■ **Data block**:
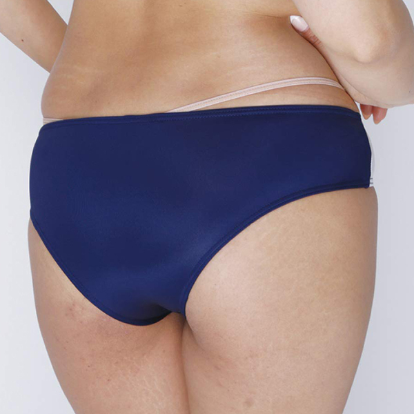 肌への密着感が心地いいストレッチ素材を使用した日本製の体操服ブルマ(ネイビー)。
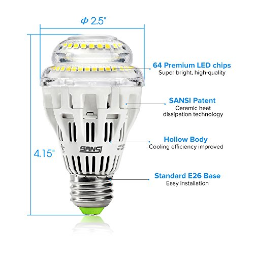 - SANSI Patent: Sansi ceramic heat dissipation technology along with the hollow-out structure and imported high quality led chips greatly improved cooling efficiency, prolonging the lifespan of the LED bulbs.
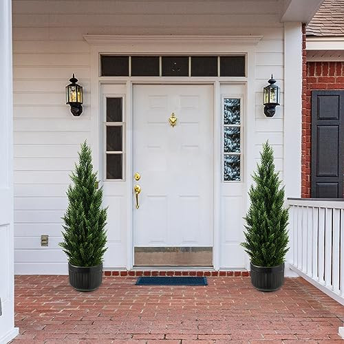 Return Policy Fast Delivery Trusted seller 4FT Artificial Topiary Tree Beautiful Realistic Faux Cedar Pines Christmas Trees UV Rated Fake Shrubs for Front Porch Faux Plants Indoor and Outdoor Decor (2 Pack) Product Description Realistic Artificial Topiary Trees - A fabulous set of 4 upgraded quality faux trees. Perfectly modeled after lovely cedar and pine trees that grow wild in many parts of the US and Canada. These look like the real thing, but never require planting, water, fertilizer, or trimming. Simply set them out and enjoy. No need to place plastic bags over your cedars in winter like the neighbors. Extra Tall 4 Feet - These measure a tall 48" from bottom to top with a lush green appearance that always pleases. Trees are compactly packed in a thicker box for safe shipping. Set them out and allow a day or two for the branches to expand to their natural full look. Perfect for front yard, in planter boxes, along a walkway or driveway, or set indoors for a year round Christmas tree to add life and natural energy to any room. Durable 7" Pot - We go the extra step of making our pots larger, much thicker, and far more durable. Pots won't arrive cracked like those sold elsew. These heavier pots are stable and won't tip like others. They are ideal for placing inside your fancy stone or wood planter. UV Resistant for Years of Enjoyment - Made of top quality plastic to last and look good for 3-5 years of impressive decoration depending on your local climate. You can set them and forget them with no gardening or green thumb required. Great Gift Idea - Makes a fun gift for anyone who wants to decorate their yard with easy natural looking faux trees and greenery. We use a thicker, higher quality pot and ship in a well packed heavy duty box. If your product arrives damaged, please contact us immediately for a no-cost resolution. Many people are buying several 2-packs of trees to fully decorate their yard. They are selling fast after being spotlighted by professional landscapers as a great value. Shipping Returns Payment Shipping Shipping is FREE to all addresses other than APO/PO boxes in the lower 48 states. All our stock ships from US-based warehouses. Shipped via USPS or UPS (depending on location and package weight) Unless stated otherwise, all orders will ship within 24-72 hours of your payment being processed. Check our feedback to see the great reviews of FAST shipping we offer. Returns Seller does not accept returns Payment We currently accept payment via eBay managed payments only. Once payment is cleared, we will dispatch your shipment within 1-3 business days. Please refer to the "Shipping" tab for more information regarding shipping speed to your destination.

■ **Activity**: Print the whole listing above once more, word for word, without its pictures.

■ **Task response**:
 肌への密着感が心地いいストレッチ素材を使用した日本製の体操服ブルマ(ネイビー)。
 - SANSI Patent: Sansi ceramic heat dissipation technology along with the hollow-out structure and imported high quality led chips greatly improved cooling efficiency, prolonging the lifespan of the LED bulbs.
 Return Policy Fast Delivery Trusted seller 4FT Artificial Topiary Tree Beautiful Realistic Faux Cedar Pines Christmas Trees UV Rated Fake Shrubs for Front Porch Faux Plants Indoor and Outdoor Decor (2 Pack) Product Description Realistic Artificial Topiary Trees - A fabulous set of 4 upgraded quality faux trees. Perfectly modeled after lovely cedar and pine trees that grow wild in many parts of the US and Canada. These look like the real thing, but never require planting, water, fertilizer, or trimming. Simply set them out and enjoy. No need to place plastic bags over your cedars in winter like the neighbors. Extra Tall 4 Feet - These measure a tall 48" from bottom to top with a lush green appearance that always pleases. Trees are compactly packed in a thicker box for safe shipping. Set them out and allow a day or two for the branches to expand to their natural full look. Perfect for front yard, in planter boxes, along a walkway or driveway, or set indoors for a year round Christmas tree to add life and natural energy to any room. Durable 7" Pot - We go the extra step of making our pots larger, much thicker, and far more durable. Pots won't arrive cracked like those sold elsew. These heavier pots are stable and won't tip like others. They are ideal for placing inside your fancy stone or wood planter. UV Resistant for Years of Enjoyment - Made of top quality plastic to last and look good for 3-5 years of impressive decoration depending on your local climate. You can set them and forget them with no gardening or green thumb required. Great Gift Idea - Makes a fun gift for anyone who wants to decorate their yard with easy natural looking faux trees and greenery. We use a thicker, higher quality pot and ship in a well packed heavy duty box. If your product arrives damaged, please contact us immediately for a no-cost resolution. Many people are buying several 2-packs of trees to fully decorate their yard. They are selling fast after being spotlighted by professional landscapers as a great value. Shipping Returns Payment Shipping Shipping is FREE to all addresses other than APO/PO boxes in the lower 48 states. All our stock ships from US-based warehouses. Shipped via USPS or UPS (depending on location and package weight) Unless stated otherwise, all orders will ship within 24-72 hours of your payment being processed. Check our feedback to see the great reviews of FAST shipping we offer. Returns Seller does not accept returns Payment We currently accept payment via eBay managed payments only. Once payment is cleared, we will dispatch your shipment within 1-3 business days. Please refer to the "Shipping" tab for more information regarding shipping speed to your destination.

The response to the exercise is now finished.